Viva come l’Africa

Al Musée du quai Branly i legami tra le arti africane «classiche» e la scena artistica contemporanea

Luana De Micco |  | Parigi

«Ex Africa. Presenze africane nell’arte oggi», allestita fino all’11 luglio al Musée du quai Branly, analizza i legami tra le arti africane «classiche» e la scena artistica contemporanea, superando il concetto di «primitivismo». Per il curatore, il critico e storico dell’arte Philippe Dagen, si tratta di mostrare che «le idee e le forme proprie alle arti africane sono più vive che mai» e di superare quindi, come si legge in una nota del museo, la visione proposta dalla mostra «Primitivism», presentata al MoMA di New York nel 1984-85, «che le riduceva al ruolo di modelli plastici per le avanguardie occidentali della prima metà del XX secolo, privandole delle loro storie e dei loro significati originali».

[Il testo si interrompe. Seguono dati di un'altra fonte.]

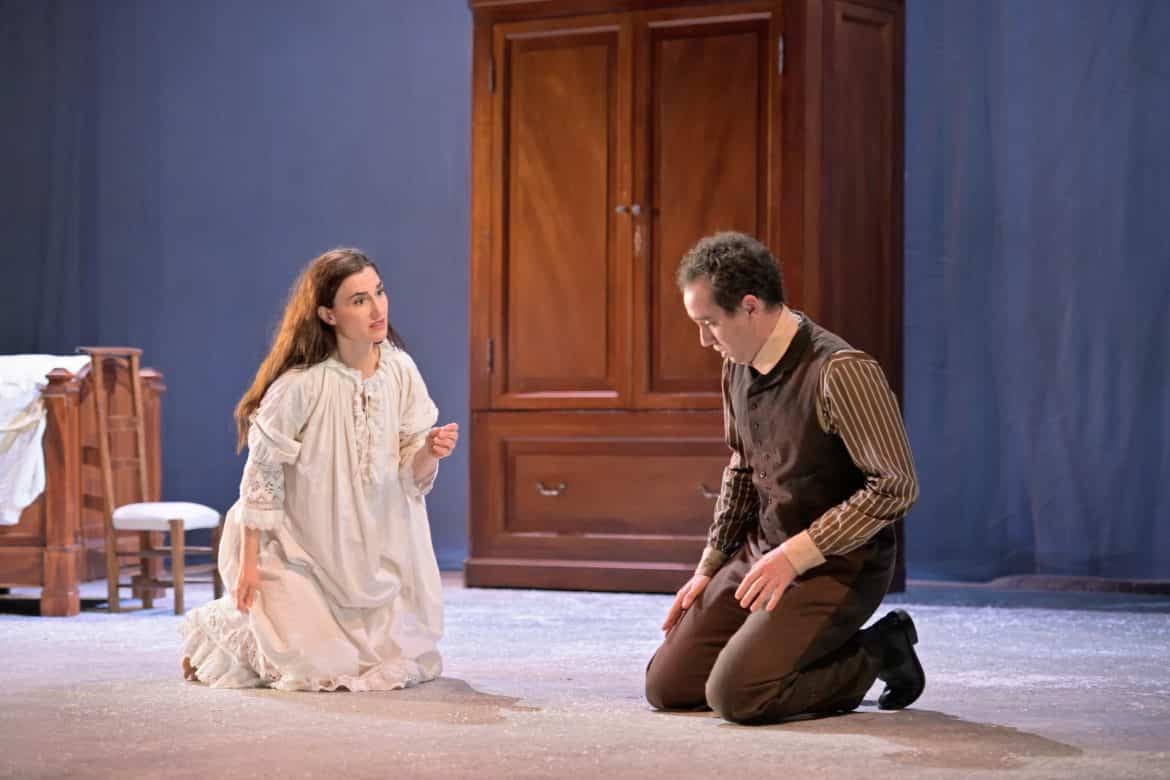 Côté distribution, on n’est sans doute pas très loin de l’idéal… Les petits rôles (desquels se détachent Pierre Derhet, Geoffroy Buffière et Luc Bertin-Hugault pour leur grande intelligibilité, ainsi qu’Aliénor Feix pour sa capacité à donner chair à un personnage qui pourrait n’être qu’une silhouette) sont excellemment distribués. Franck Leguérinel est un Maître André drôle à souhait, excellent comédien n’oubliant pas pour autant, fort heureusement, la dimension musicale du personnage. Philippe-Nicolas Martin donne une belle épaisseur scénique et vocale à Landry, dont il fait le double prosaïque du poétique Fortunio. Comme à son habitude, il est parfaitement compréhensible et soigne constamment sa ligne de chant – ce qui n’est pas un luxe : le rôle de Landry n’a-t-il pas été créé par Jean Périer, le premier Pelléas ? Jean-Sébastien Bou, très à l’aise scéniquement, ne fait qu’une bouchée du rôle de Clavaroche, dont il souligne parfaitement le côté à la fois arrogant, machiste, et…ridicule. Entre le soprano léger de Liliane Berton (Pathé, Pierre Dervaux, 1961) et le mezzo délicat de Colette Alliot-Lugaz (Erato, John Eliot Gardiner, 1984), Anne-Catherine Gillet propose une voie médiane. Le timbre est toujours d’une fraîcheur et d’une juvénilité étonnantes. Mais on sait, depuis une certaine Marguerite liégeoise, qu’il peut aussi se faire lyrique et revêtir de belles couleurs dramatiques : la chanteuse use ainsi avec intelligence de toutes les ressources offertes par un instrument très ductile, et offre donc un portrait particulièrement complet du personnage, d’autant que ses dons d’actrice sont également remarquables : son éveil à l’amour sincère est admirablement rendu, notamment grâce à la très grande expressivité de son visage. Cyrille Dubois, enfin, semble être fait pour interpréter le rôle-titre. Loin de réduire le rôle à un simple adolescent certes fougueux mais très naïf, il donne au personnage des accents werthériens, qu’au demeurant l’œuvre (livret et musique) contient : le quasi évanouissement de Fortunio lorsqu’il comprend que Jacqueline l’aime, n’évoque-t-il pas l’éblouissement qui saisit Werther devant Charlotte pendant le « Clair de lune » ? Les refus de moins en moins convaincus de Jacqueline devant l’empressement du jeune clerc (« Non ! non ! Ne me parlez pas ainsi ! » ) ne rappellent-ils pas ceux de Charlotte après le Lied d’Ossian ? (« Ah ! taisez-vous… Je vous implore ! ») L’exclamation de Fortunio à la fin du troisième acte (« Juste Ciel, il est son amant ! ») ne sonne-t-il pas comme un écho au cri de Werther : « Un autre, son époux ! » ? Quoi qu’il en soit, Cyrille Dubois passe avec une aisance et un naturel confondants de la fraîcheur naïve du personnage à la mélancolie (un « J’aimais la vieille maison grise » très poétique), du lyrisme tendre (« Tout en moi l’accueille et l’appelle ! ») au cri d’amour éperdu (« Elle m’aime ! Je puis vivre ou mourir, que m’importe ! ») ou de désespoir (« Il est son amant ! »).

Muovendo da questo presupposto, il quai Branly presenta, suddivise in tre sezioni, 150 opere di artisti contemporanei, con produzioni realizzate appositamente per la mostra, di Gloria Friedmann, Annette Messager, Kader Attia, Myriam Mihindou o ancora Romulad Hazoumé e Théo Mercier. A mo’ di preambolo opere di Jean-Michel Basquiat, Chéri Samba e Antoni Clavé.

Le installazioni di Jake Chapman e Jean-Michel Alberola e le statue africane cromate di Bertrand Lavier illustrano la prima sezione, «Pop», sul riutilizzo delle forme e dei contenuti d’arte africana nella cultura pop dei beni di consumo e della pubblicità. In «Metamorfosi» sono mostrati i lavori sulle maschere di Orlan e Pascale Marthine Tayou e sul corpo di Gloria Friedmann e Françoise Vergier.

Nella sezione «Attivazioni» si analizza il modo in cui gli artisti rielaborano oggi i codici dell’arte africana alla luce delle sfide attuali, dal dramma delle migrazioni alla problematica recente, cara ad Attia, della restituzione delle opere africane ai Paesi di origine.